Reactivity takes real work. Years of it. You have to unlearn what your body decided was the only way to stay safe. You have to slow down systems designed to move too fast. You have to fight your own instincts while trying not to scorch the room every time you feel misunderstood.
PaulLinehan.co
Most guys think their reactivity is just a bad habit. Like snapping at the wrong time or losing your cool when someone talks down to you. But that's not the real story. Reactivity is a survival move your body and mind locked in years ago, probably when you were just a kid.
Nobody tells you that reactivity is built into your system. It's the wiring you grew up with. Most of us learned early that the only way to stay safe was to get loud, get sharp, or get out. So by the time you're forty, those reactions aren't conscious. They're automatic. And the world doesn't care.

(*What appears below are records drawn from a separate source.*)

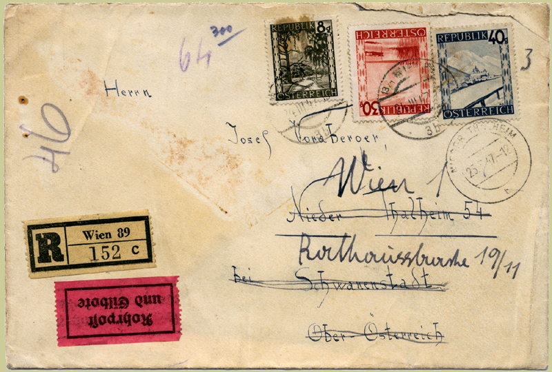 Inland Registered letter posted Monday 24.3.1947. The sender’s address is Wien 13, Gloriettegasse 35, and he posted it at office 13/1 Wien 89 (which by then was in Hietzing) to Nieder Thalheim 54 (**) arriving Tuesday 25.3.1947. The letter was redirected back to Wien 1, Rathausstrasse 19/11 via Station 64 (faint Instradierungs-Chiffre in violet crayon to left of 8g stamp) arriving back on Friday 28.3.1947 (cds on reverse). Office 64 was Josefstadt in Bezirke VIII; it is now called Wien 1082, and is still located at Mariatreugasse 4-6. Rathausstrasse is in Bez. 1 and 19/11 is the 11th apartment at number 19, which is at the University end. Mariatreugasse is quite close, and also is the nearest pneumatic station; and it was working in 1947.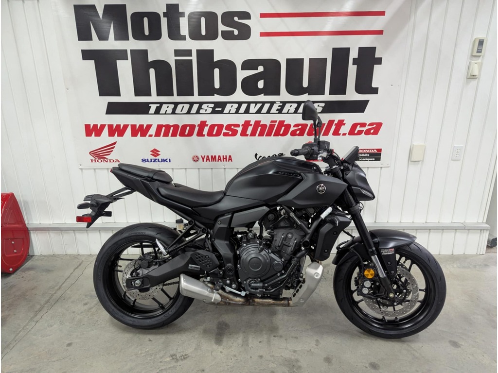 2025 YAMAHA MT07 NOIR **PROMOTION 750$ DE RABAIS ( DÉJÀ RÉDUIT DU PRIX )OU TAUX D'INTÉRETS 1.99% SUR 24-36 MOIS, 2.99% SUR 48 MOIS , 3.99% SUR 60 MOIS. -Fourche inversée de 41 mm et amortisseur arrière réglable -Position de conduite agressive -Commande électronique des gaz YCC-T, modes de conduite YRC et système d’antipatinage (TCS) désactivable -Technologie innovante d’amplification acoustique pour une expérience sonore optimisée -Jantes légères forgées par rotation et chaussées de pneus à carcasse radiale Dunlop Sportmax -Nouvel écran TFT couleur de 5 po avec connectivité et navigation par téléphone intelligent -Moteur CP2 EU5+ de 690 cm3 à couple élevé -Freins avant à deux disques à montage radial avec étriers à 4 pistons -Nouveau bloc de commutateurs intuitifs et clignotants à extinction automatique -Garnitures de haute qualité et matériaux haut de gamme * Chez MotosThibault les FRAIS DE TRANSPORT ET PRÉPARATION sont inclus dans le prix . Taxes de vente en sus.* *MOTOS THIBAULT situe a Trois-Rivieres dans le secteur Cap-de-la-Madelaine en Mauricie 205, rue Dessureault, Trois-Rivieres G8T 2L7 819-375-2222. Prenez la sortie 203 boul. Thibeau Sud. Venez decouvrir notre vaste inventaire de Motos ainsi que VTT neufs et usages de HONDA, YAMAHA, SUZUKI, APRILIA, VESPA, PIAGGIO . Visiter notre site web au www.motosthibault.ca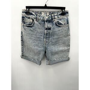 FREE PEOPLE Acid Washed Denim Cuffed Bermuda Raw Hem Cut Off Short // 28
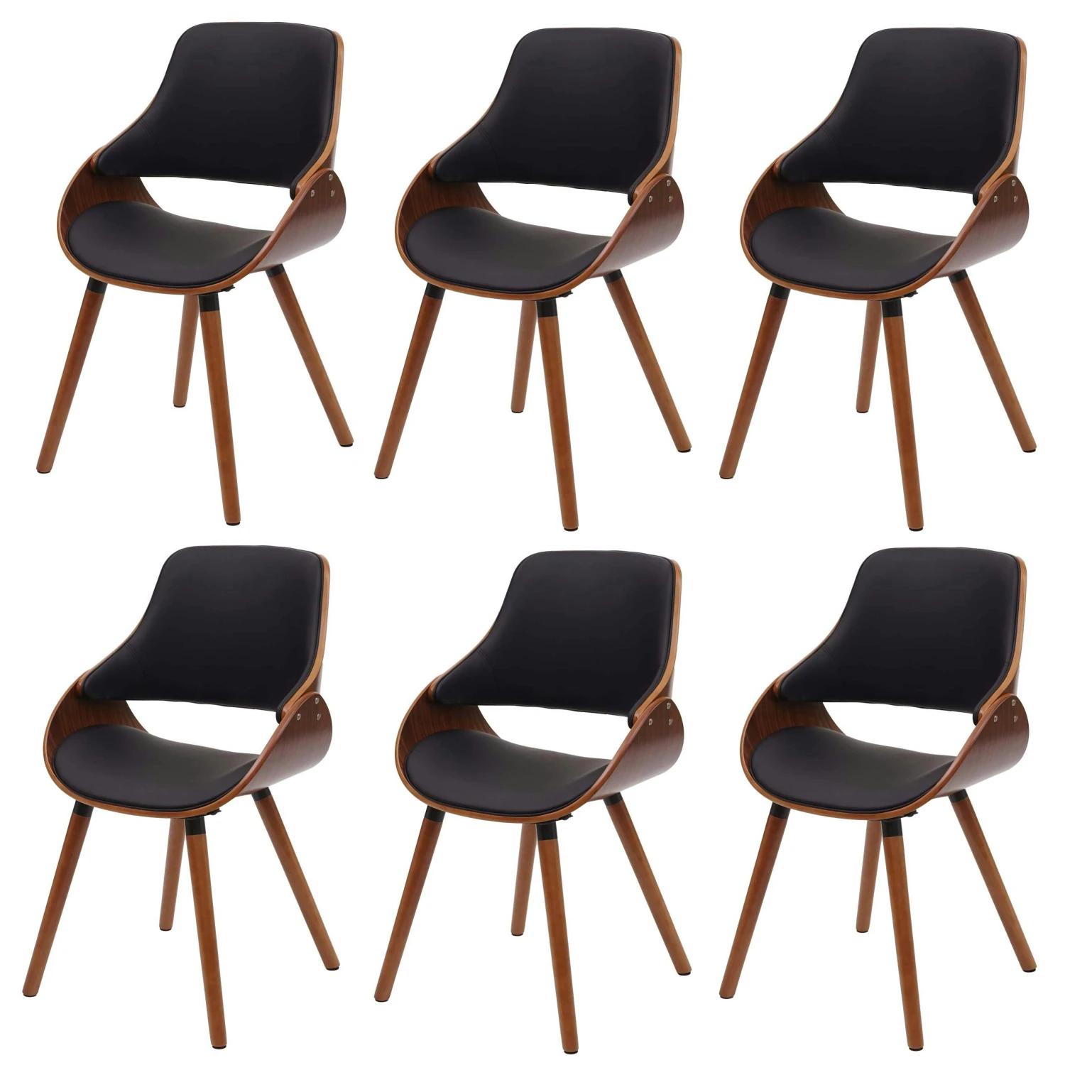 6er-Set Esszimmerstuhl HWC-D23, Küchenstuhl Stuhl, Retro-Design ~ Kunstleder Schwarz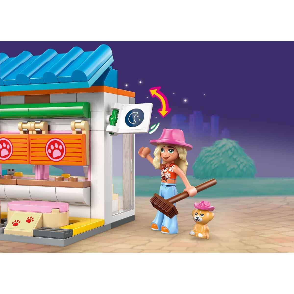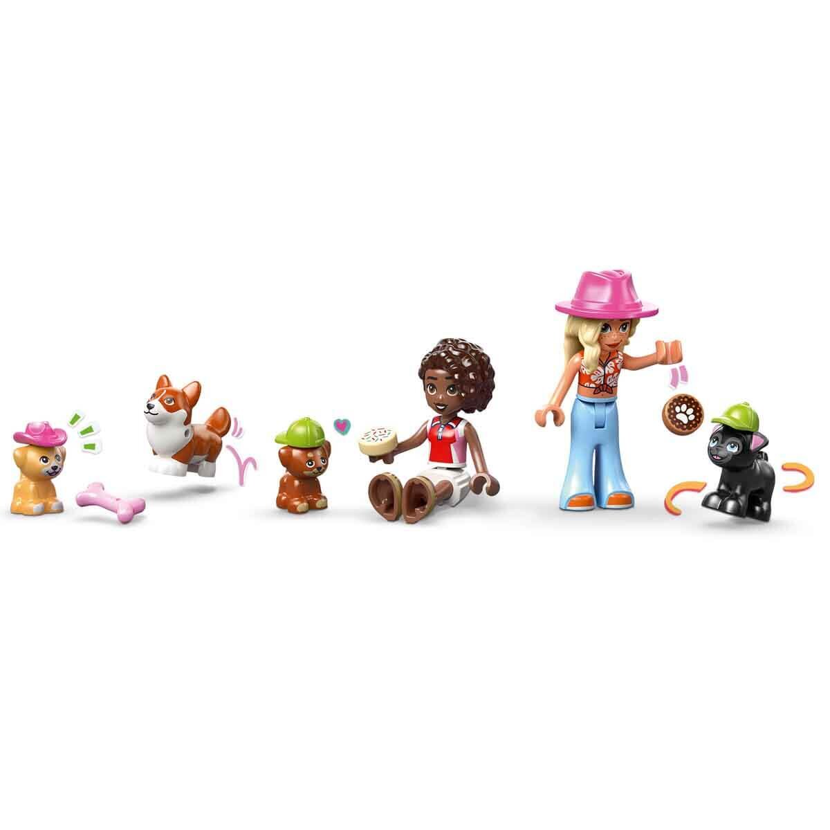2 LEGO Friends karakteri: Aliya ve Sage mini bebekleri, 4 oyuncak köpek ve evcil hayvan kapısı, rampa, bisküviler, eğlenceli tabelalar ve evcil hayvan taşıma çantası gibi hayvan dostu birçok eğlenceli detay ile birlikte gelir.
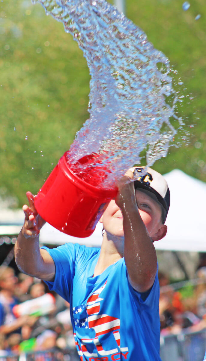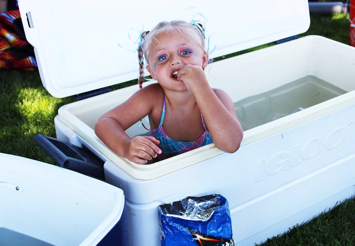 Three-year-old Joanne Wilson, of Boulder City, found the perfect way to beat the heat and have a snack at the same time in Broadbent Park.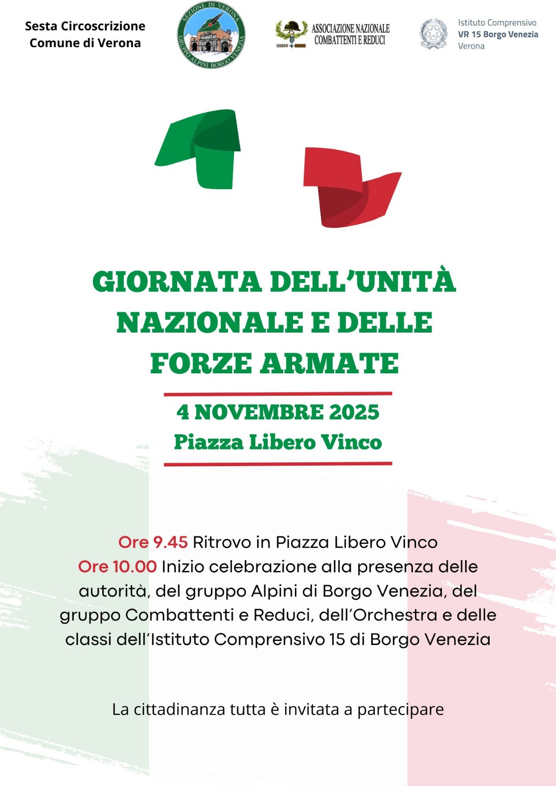 Martedì 4 novembre 2025 alle ore 10 i nostri alunni dell’Orchestra Fincato-Rosani e delle classi quinte del plesso Forti si recheranno in piazza Libero Vinco per la manifestazione del 4 novembre (Giorno dell’Unità Nazionale e delle Forze Armate) organizzata dalla Sesta Circoscrizione e dal Gruppo Alpini Borgo Venezia.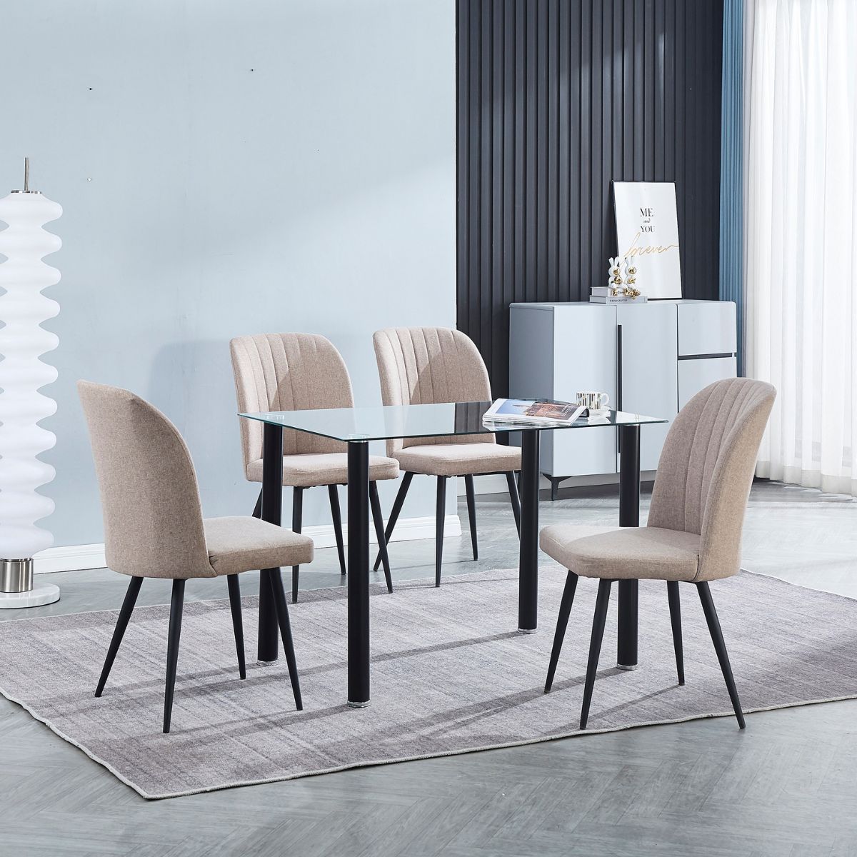 Si buscas un conjunto moderno y elegante para renovar tu comedor sin complicaciones, este pack formado por la mesa Yuri y 4 sillas Rory es todo un acierto. La mesa Yuri combina funcionalidad y estilo gracias a su sobre de cristal templado transparente, perfecto para dar amplitud visual, y sus patas tipo tubo en acero pintado de negro, que aportan un aire industrial muy actual. Con espacio ideal para 4 a 6 comensales, es perfecta para cenas familiares, comidas con amigos o reuniones improvisadas.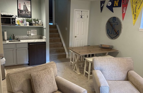 Comfy large space with sectional sofa, oversized TV, wireless internet, a pool table with ping pong overlay and plenty of games to keep everyone busy. Walk to town, Annapolis or Eastport Yacht club, Mears Safe harbor marina or Davis pub for a crab pretzel. All within a block or 2 of our apartment.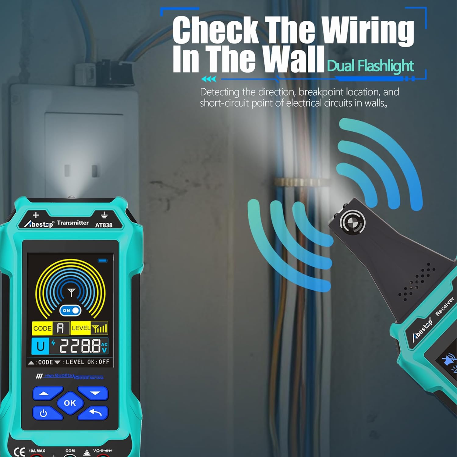 Underground Cable Locator, Abestop AT838 Cable Locator Tester Circuit Tracer with Multimeter Function 2 in 1 Functions Wires and Cables Circuit Tracer Detecting, Water and Gas Supply Pipelines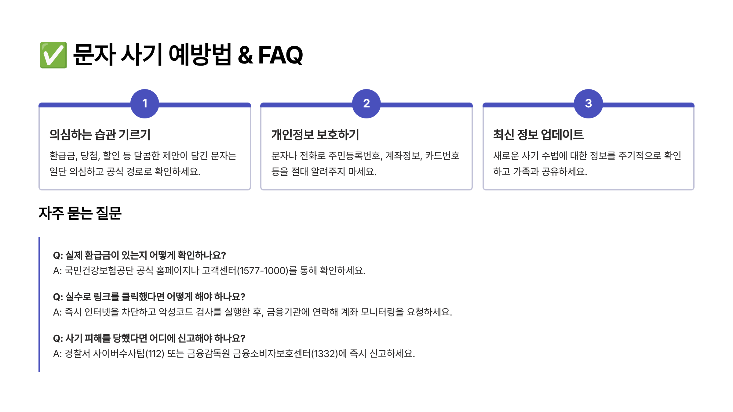 이 다섯 가지만 생활화하면, 환급 사기 문자는 더 이상 위협이 되지 않아요. 결국 예방은 ‘습관화’에 있다는 점, 꼭 기억하세요 👍

Your boss, your wife, your kids - they just see a man who can't control himself or who disappears when things get tough.
You buy into the lie that you should just be able to "calm down" or "take a breath." But it's not that simple. You can read all the books and listen to every podcast. Still, when you feel misunderstood, your body fires up like it always has. You're fighting your own instincts. Not just thoughts. Systems inside you that move too fast for reason. The cost? You torch relationships. You lose trust. You start to believe you're broken, or that this is just how men are wired.
The worst part? You start avoiding situations where you might react. You shrink your life. You keep it small. You stop speaking up at work. You stop being honest at home. You trade being seen for being safe. And the more you do this, the more you start hating the man you see in the mirror. Because deep down, you know you're not actually dangerous. You're just stuck in a pattern.
Once you see the truth, it's ugly. There's no shortcut. You have to unlearn what kept you safe. That means years of work. Slowing down systems that are built to go off like a fire alarm. Sometimes you'll slip. Sometimes you'll scorch the room again. But if you keep showing up, if you keep fighting the urge to lash out or check out, something shifts. You start catching yourself before the damage is done. Not every time. But enough to know you're changing.
That's when you realize: the actual strength isn't in being unreactive. It's in fighting your own old instincts, day after day, when nobody's watching. It's in not letting the old wiring run your life. The truth is, most guys around you are fighting the same fight. They just won't say it out loud.